2. System Architecture Snapshot

2.1 Runtime Topology

2.2 Data Boundary Decision (TECH-001)

Decision: PHI and non-PHI are partitioned into two separate Cloud SQL instances. The Platform DB (orchestrator, 192.168.0.251) holds organizations, users, file registry metadata, job tracking, and CRM/CMS data. The PHI DB holds medical_records, FHIR bundles, and the full omop_cdm54 schema including the 6.3M-concept Athena vocabulary table.

Rationale: Compliance isolation. Any accidental logging, query introspection, or lateral movement within the platform layer cannot expose PHI. FHIR/OMOP data never enters the Platform DB.

Impact: Every API route that touches clinical data must connect to the PHI DB via a separate connection string. This has been the source of several recent fix: commits around GCS auth and worker wiring.

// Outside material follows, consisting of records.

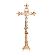 - Este hermoso juego de altar incluye 2 piezas de candelabro de altar H-98-24 y 1 pieza de cruz de altar H-98B .
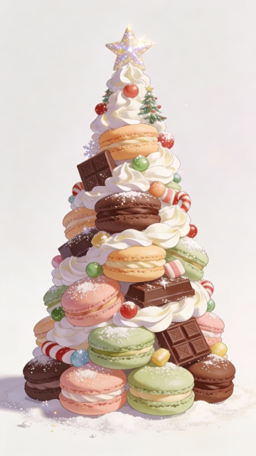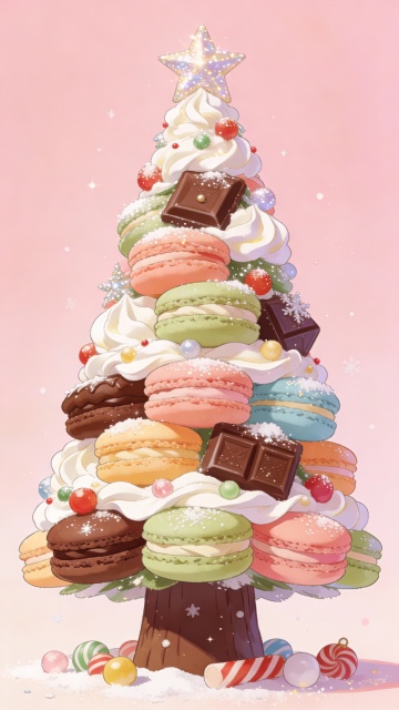 软3D风毛绒圣诞树,点缀草莓与巧克力,温馨梦幻,充满甜蜜可爱感,节日氛围浓厚。
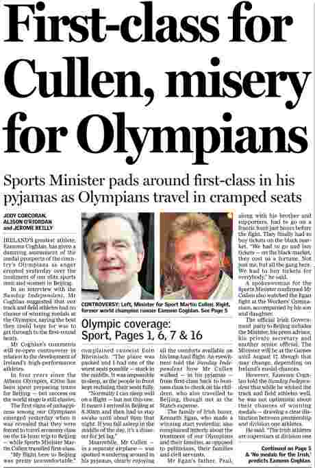 Maybe it is not the sort of anti government story Sir Anthony would want. Minister Martin Cullen padding around in his first class pajamas on his first class flight to China has vanished, replaced by:

2.3 Four-Shell UI Architecture (TECH-002)

web/src/app/(app)/
├── (platform)/admin/          # Platform super-admins
├── (hie)/dashboard/network/   # HIE operators
├── (provider)/dashboard/      # Facility/provider users
└── (patient)/portal/          # Patients

Each shell has its own layout, navigation, and role guard. Role resolution flows from Clerk organization membership → clerk_role → platform DB users.role.

---

3. Current Project State

3.1 What Has Been Built

Pipeline (Python / FastAPI / Celery)

• HL7 v2 parser supporting 18+ message types: ADT (A01–A31), ORU R01/R32, ORM O01, RDE O11, MDM T02, DFT P03, SIU S12, VXU V04 — profiles in config/hl7_profiles/
• CDA/CCDA XML parser with full C-CDA section support
• FHIR R4 output: Patient, Observation, Condition, MedicationRequest, AllergyIntolerance
• OMOP CDM 5.4 output: person, measurement, condition_occurrence, drug_exposure, visit_occurrence
• Athena vocabulary resolver (6.3M concepts, omop_cdm54.concept)
• FHIR datetime normalization — HL7 compact dates (YYYYMMDD) → FHIR dashed form (YYYY-MM-DD) fixed in commit b955f31
• De-identification rules via config/deid/default_rules.csv
• Crosswalk tables: config/crosswalk/hl7_table_contexts.json, config/fhir_mappings/vocabulary_maps.json
• Y7/Y8/Y9/R2 pipeline stages added in commit 9df7a3c with associated web schema changes
• Dead-letter queue (DLQ) routing with dedicated test coverage (tests/e2e/test_dlq_routing.py)
• Conformance toggle (runtime-switchable strictness level, tests/e2e/test_conformance_toggle.py)
• Rule audit trail (tests/e2e/test_rule_audit.py)
• Phase 3 orchestrator (tests/e2e/test_phase3_orchestrator.py)

Web Platform (Next.js)

• Clerk webhook sync at /api/auth/sync-user — real-time user/org sync into Platform DB
• Admin shell: registrations (HIE + facility), invitations, org-link approvals, pricing tiers, revenue stats, analytics, API key management, PHI access audit, provider approval
• HIE shell: network overview, analytics, approvals, patient list with MRN-hash routing, provider management, records, jobs, upload, export, API keys, Google Workspace integration
• Patient portal: profile, records, sharing, API access self-service
• NPI verification endpoint (/api/npi/verify)
• Subscription lifecycle: checkout + cancel (/api/subscriptions/checkout, /api/subscriptions/cancel)
• Developer email preview endpoint (/api/dev/email-preview)
• CLI tool (cli/) with commands: allergies, analytics, auth, billing, config, diagnoses, encounters, keys, medications, orgs, patient, pipeline, quality, records, storage, webhooks
• Internal API docs page with code generators (web/src/app/(app)/(platform)/admin/api-docs/)
• ATS (applicant tracking) module under /admin/ats/ — unusual for a healthcare platform; indicates internal hiring tooling was embedded in the admin shell

Infrastructure

• 4 Dockerfiles: Dockerfile (API), Dockerfile.pipeline, Dockerfile.worker, Dockerfile.nlp
• 7 GitHub Actions workflows: code quality, pipeline deploy, pipeline test, worker deploy, smoke test, docs sync, Terraform plan
• Terraform plan workflow exists; full apply not confirmed from available context
• SBOM attestation step in CI (marked continue-on-error in commit 2942e46)
• Secrets management via .gitleaks.toml (secret scanning pre-commit hook)
• .hypothesis/ directory committed — property-based test corpus is version-controlled

3.2 What Is In Progress

3.3 What Is Blocked / At Risk

---

4. Active Decisions and Rationale

TECH-001 — PHI / Non-PHI Database Split

See §2.2 above. Settled. Not under reconsideration.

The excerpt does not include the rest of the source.